■ How to complete this task ■
In the entries that follow, find the line containing "A foggy Sunday" and the line containing "Senator Britt, who", then copy exactly everything from the first through the second except the pictures.

■ Records for processing ■
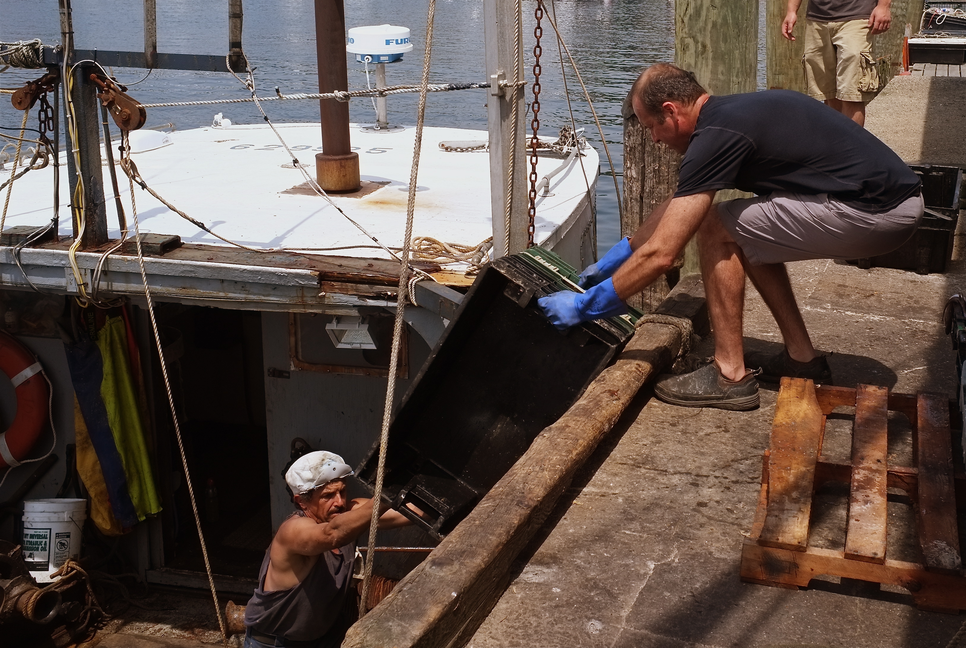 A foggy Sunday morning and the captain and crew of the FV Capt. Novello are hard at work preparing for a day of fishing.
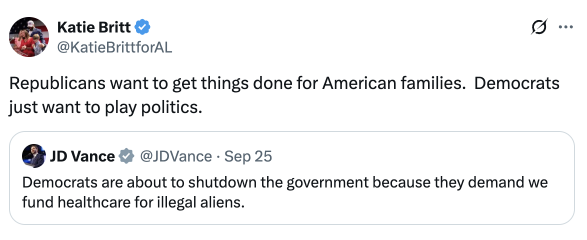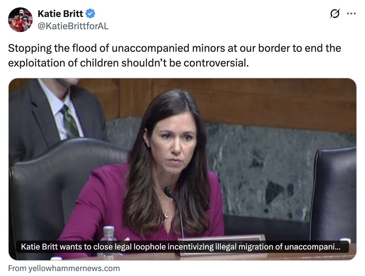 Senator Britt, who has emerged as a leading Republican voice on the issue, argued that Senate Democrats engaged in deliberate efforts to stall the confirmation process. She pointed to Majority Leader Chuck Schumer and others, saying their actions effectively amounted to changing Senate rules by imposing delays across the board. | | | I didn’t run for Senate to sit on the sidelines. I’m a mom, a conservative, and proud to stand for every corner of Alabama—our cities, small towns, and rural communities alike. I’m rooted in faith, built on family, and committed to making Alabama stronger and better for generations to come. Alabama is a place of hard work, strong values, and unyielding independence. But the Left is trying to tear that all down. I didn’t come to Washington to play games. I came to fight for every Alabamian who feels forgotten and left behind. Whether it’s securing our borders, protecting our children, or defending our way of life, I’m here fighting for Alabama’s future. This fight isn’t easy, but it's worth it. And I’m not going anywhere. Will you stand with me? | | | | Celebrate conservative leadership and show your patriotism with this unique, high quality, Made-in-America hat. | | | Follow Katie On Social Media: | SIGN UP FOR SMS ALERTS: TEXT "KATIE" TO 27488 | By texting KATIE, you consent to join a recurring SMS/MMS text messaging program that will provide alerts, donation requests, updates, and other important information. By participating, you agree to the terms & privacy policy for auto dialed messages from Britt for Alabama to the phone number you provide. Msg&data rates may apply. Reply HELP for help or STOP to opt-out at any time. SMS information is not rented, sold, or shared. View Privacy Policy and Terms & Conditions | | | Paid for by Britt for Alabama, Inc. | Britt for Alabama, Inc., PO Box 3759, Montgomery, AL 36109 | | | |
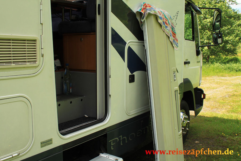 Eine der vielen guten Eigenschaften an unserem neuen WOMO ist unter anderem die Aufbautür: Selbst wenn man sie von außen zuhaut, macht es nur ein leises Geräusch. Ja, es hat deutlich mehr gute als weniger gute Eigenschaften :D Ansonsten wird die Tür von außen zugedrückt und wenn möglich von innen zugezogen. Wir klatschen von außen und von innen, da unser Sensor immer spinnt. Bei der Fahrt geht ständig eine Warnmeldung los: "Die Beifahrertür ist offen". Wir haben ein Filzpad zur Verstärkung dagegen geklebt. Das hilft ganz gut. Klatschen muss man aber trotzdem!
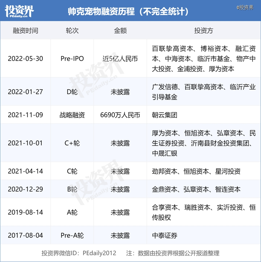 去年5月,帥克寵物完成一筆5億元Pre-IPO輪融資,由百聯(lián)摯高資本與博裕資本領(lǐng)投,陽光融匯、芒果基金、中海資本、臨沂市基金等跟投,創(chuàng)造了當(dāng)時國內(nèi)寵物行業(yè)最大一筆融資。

--

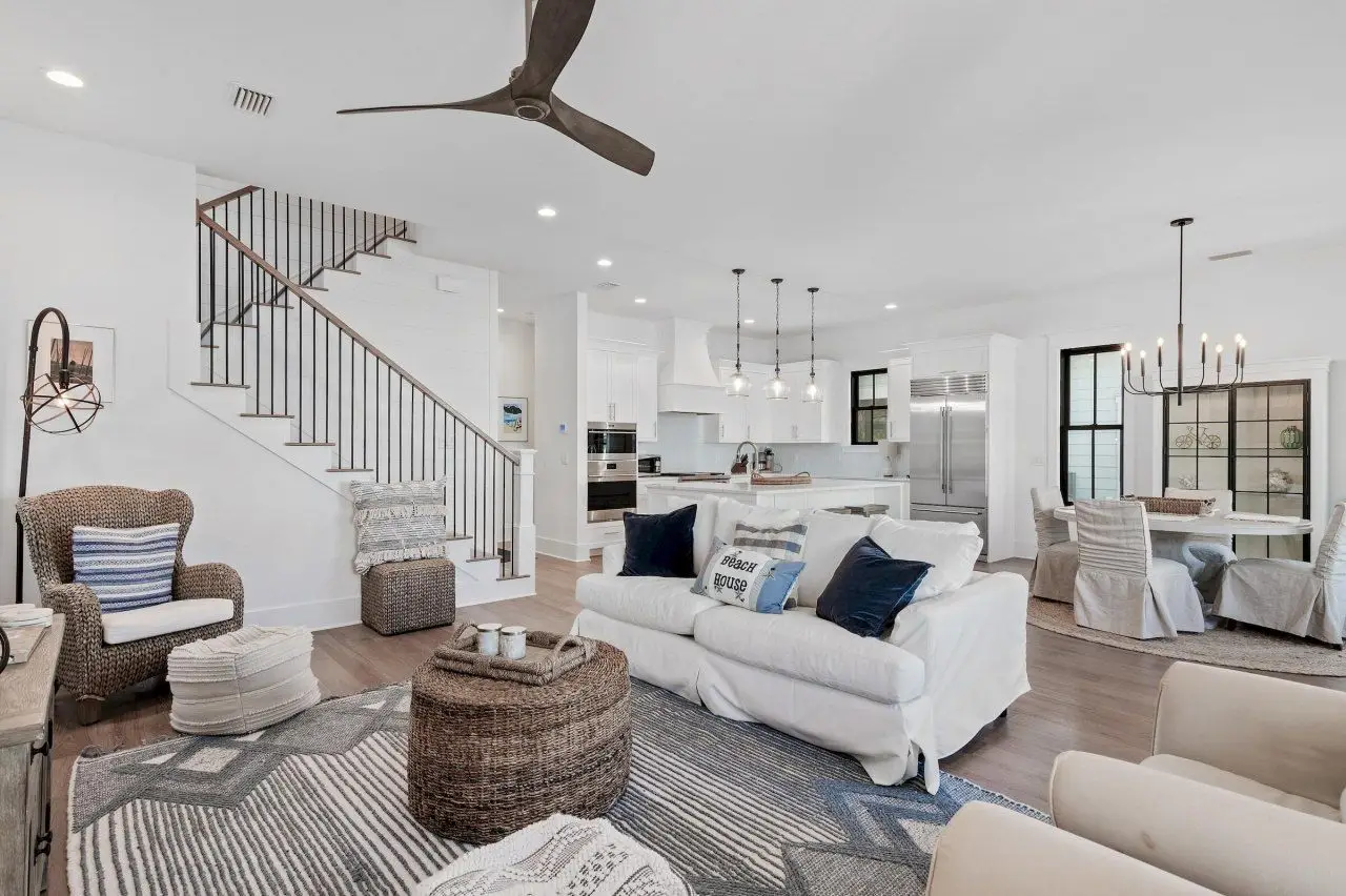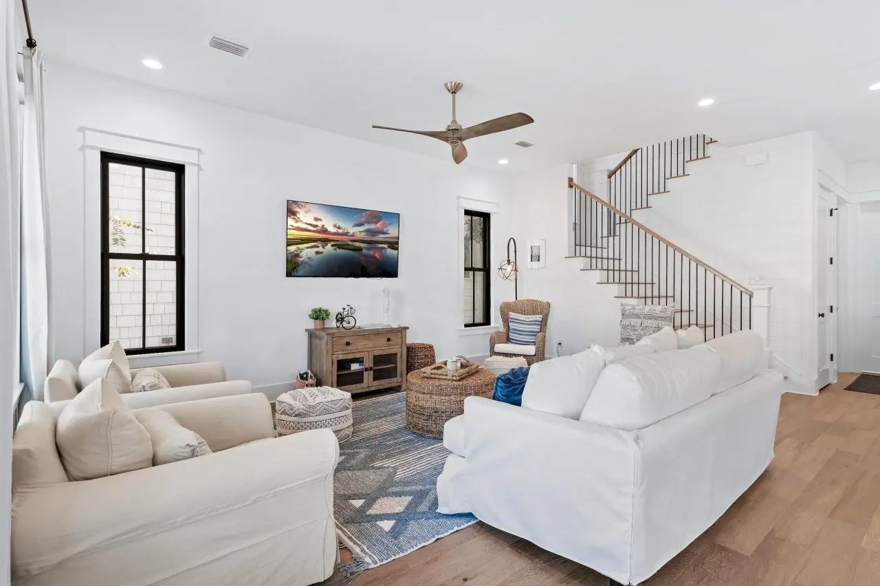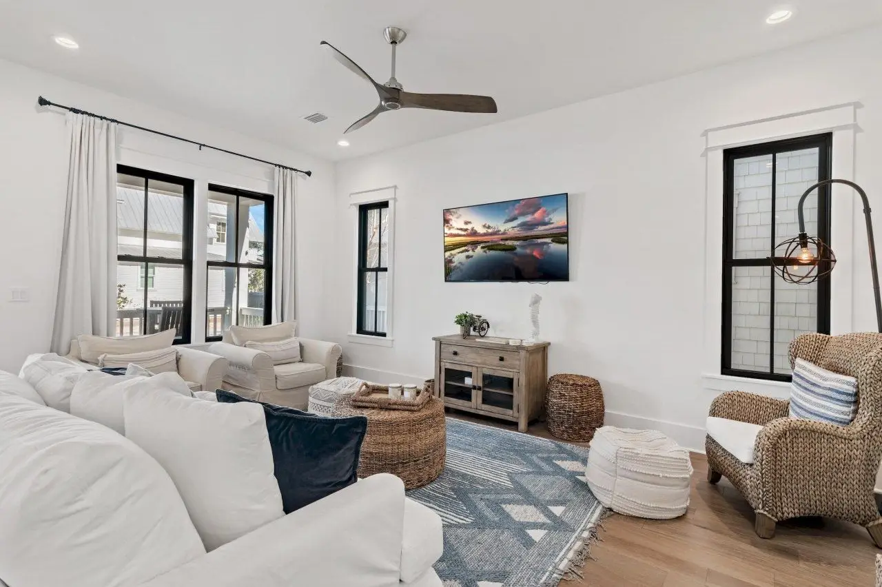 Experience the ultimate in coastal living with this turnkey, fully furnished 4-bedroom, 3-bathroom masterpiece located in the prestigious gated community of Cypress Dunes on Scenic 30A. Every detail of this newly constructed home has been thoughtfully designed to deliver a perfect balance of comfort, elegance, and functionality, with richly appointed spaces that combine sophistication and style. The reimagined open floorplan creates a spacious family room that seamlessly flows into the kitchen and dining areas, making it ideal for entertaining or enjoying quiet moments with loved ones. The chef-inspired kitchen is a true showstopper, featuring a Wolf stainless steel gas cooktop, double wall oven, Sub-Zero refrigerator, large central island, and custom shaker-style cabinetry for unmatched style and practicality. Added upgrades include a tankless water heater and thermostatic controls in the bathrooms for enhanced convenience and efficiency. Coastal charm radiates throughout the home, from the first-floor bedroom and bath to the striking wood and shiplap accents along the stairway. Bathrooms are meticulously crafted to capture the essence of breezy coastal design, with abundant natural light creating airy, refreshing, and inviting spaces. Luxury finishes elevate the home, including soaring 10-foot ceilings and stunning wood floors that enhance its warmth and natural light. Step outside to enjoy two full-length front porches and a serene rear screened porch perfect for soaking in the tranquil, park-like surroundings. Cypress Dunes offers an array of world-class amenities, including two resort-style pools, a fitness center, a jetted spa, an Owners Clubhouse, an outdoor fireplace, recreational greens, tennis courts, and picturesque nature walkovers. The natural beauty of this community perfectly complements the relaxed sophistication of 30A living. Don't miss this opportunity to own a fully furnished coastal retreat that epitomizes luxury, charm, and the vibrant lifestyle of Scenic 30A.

■ Response to the task ■
 A foggy Sunday morning and the captain and crew of the FV Capt. Novello are hard at work preparing for a day of fishing.
 Senator Britt, who has emerged as a leading Republican voice on the issue, argued that Senate Democrats engaged in deliberate efforts to stall the confirmation process. She pointed to Majority Leader Chuck Schumer and others, saying their actions effectively amounted to changing Senate rules by imposing delays across the board. | | | I didn’t run for Senate to sit on the sidelines. I’m a mom, a conservative, and proud to stand for every corner of Alabama—our cities, small towns, and rural communities alike. I’m rooted in faith, built on family, and committed to making Alabama stronger and better for generations to come. Alabama is a place of hard work, strong values, and unyielding independence. But the Left is trying to tear that all down. I didn’t come to Washington to play games. I came to fight for every Alabamian who feels forgotten and left behind. Whether it’s securing our borders, protecting our children, or defending our way of life, I’m here fighting for Alabama’s future. This fight isn’t easy, but it's worth it. And I’m not going anywhere. Will you stand with me? | | | | Celebrate conservative leadership and show your patriotism with this unique, high quality, Made-in-America hat. | | | Follow Katie On Social Media: | SIGN UP FOR SMS ALERTS: TEXT "KATIE" TO 27488 | By texting KATIE, you consent to join a recurring SMS/MMS text messaging program that will provide alerts, donation requests, updates, and other important information. By participating, you agree to the terms & privacy policy for auto dialed messages from Britt for Alabama to the phone number you provide. Msg&data rates may apply. Reply HELP for help or STOP to opt-out at any time. SMS information is not rented, sold, or shared. View Privacy Policy and Terms & Conditions | | | Paid for by Britt for Alabama, Inc. | Britt for Alabama, Inc., PO Box 3759, Montgomery, AL 36109 | | | |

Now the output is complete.